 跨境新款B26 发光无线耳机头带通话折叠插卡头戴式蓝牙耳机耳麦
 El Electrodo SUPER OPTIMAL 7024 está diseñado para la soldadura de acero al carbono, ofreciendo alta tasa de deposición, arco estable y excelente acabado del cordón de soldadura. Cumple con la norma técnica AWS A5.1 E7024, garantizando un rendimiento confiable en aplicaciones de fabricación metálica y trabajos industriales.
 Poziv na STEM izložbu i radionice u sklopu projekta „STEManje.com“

══════════════════════════════

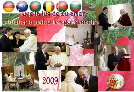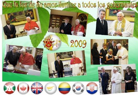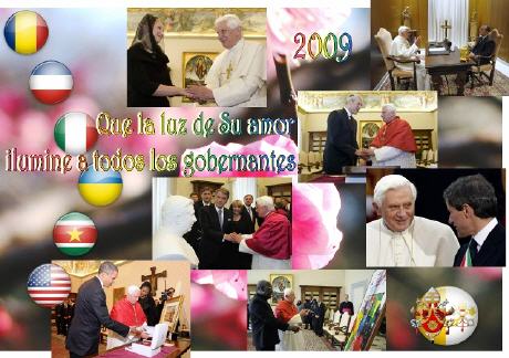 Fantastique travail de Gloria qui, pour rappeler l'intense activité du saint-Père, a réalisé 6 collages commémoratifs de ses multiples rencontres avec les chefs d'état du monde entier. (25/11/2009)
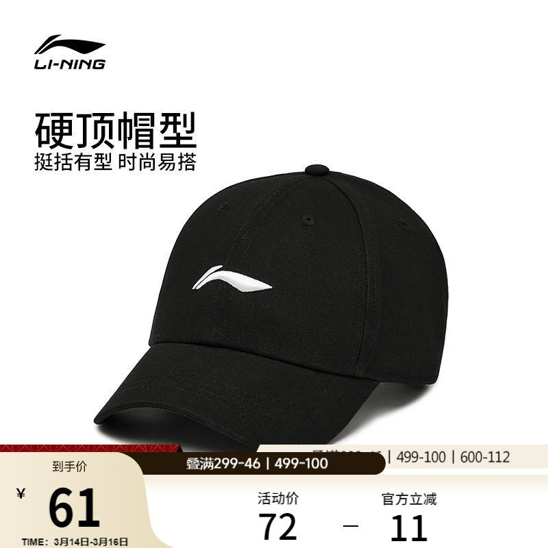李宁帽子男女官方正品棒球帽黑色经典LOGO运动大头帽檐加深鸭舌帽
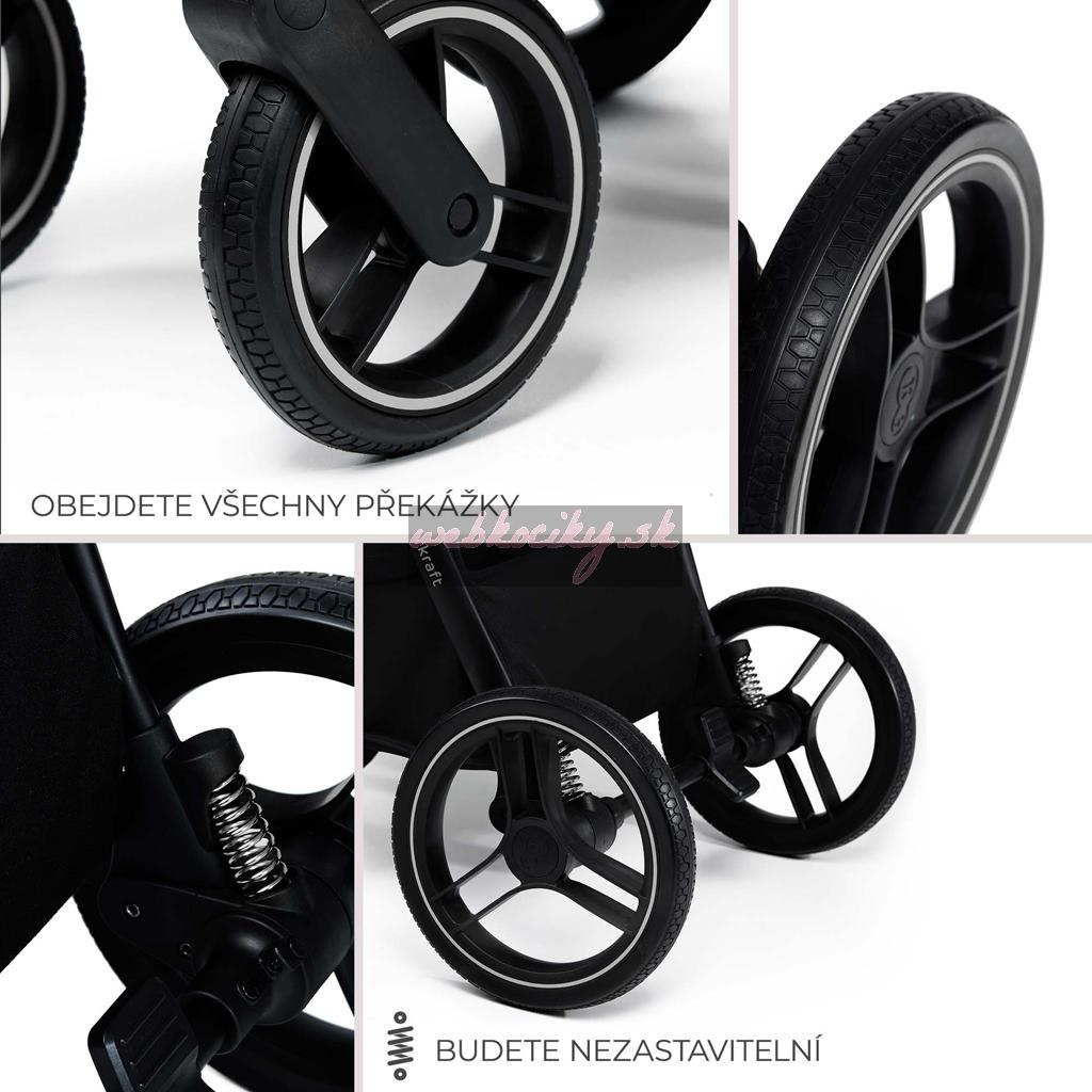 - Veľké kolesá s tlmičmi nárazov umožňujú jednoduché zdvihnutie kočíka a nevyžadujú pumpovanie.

══════════════════════════════

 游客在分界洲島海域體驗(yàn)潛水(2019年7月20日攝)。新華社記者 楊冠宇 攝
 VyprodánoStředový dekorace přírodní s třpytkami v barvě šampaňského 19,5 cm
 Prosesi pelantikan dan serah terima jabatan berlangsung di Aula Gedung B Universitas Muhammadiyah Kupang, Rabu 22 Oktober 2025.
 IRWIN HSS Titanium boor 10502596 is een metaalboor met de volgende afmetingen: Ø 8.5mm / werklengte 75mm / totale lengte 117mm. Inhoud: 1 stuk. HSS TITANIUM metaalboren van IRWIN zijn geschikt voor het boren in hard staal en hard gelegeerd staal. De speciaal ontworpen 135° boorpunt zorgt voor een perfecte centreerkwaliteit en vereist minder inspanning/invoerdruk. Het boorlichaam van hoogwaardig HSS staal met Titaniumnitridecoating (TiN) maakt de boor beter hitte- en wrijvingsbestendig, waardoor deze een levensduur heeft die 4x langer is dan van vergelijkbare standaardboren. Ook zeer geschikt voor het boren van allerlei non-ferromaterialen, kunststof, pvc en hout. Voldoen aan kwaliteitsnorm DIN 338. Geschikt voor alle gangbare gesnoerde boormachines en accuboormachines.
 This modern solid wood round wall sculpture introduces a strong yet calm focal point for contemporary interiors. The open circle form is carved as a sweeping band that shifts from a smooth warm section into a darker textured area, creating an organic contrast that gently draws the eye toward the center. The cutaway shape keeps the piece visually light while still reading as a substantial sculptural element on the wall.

══════════════════════════════

▶ Requirement: Please give an exact copy of the lines above, beginning with the line containing "游客在分界洲島海域體驗(yàn)潛水(2019年7月20日攝)。新華社記者 楊冠宇 攝" and running through the line containing "Prosesi pelantikan dan", and of no other lines.

▶ Answer space:
 游客在分界洲島海域體驗(yàn)潛水(2019年7月20日攝)。新華社記者 楊冠宇 攝
 VyprodánoStředový dekorace přírodní s třpytkami v barvě šampaňského 19,5 cm
 Prosesi pelantikan dan serah terima jabatan berlangsung di Aula Gedung B Universitas Muhammadiyah Kupang, Rabu 22 Oktober 2025.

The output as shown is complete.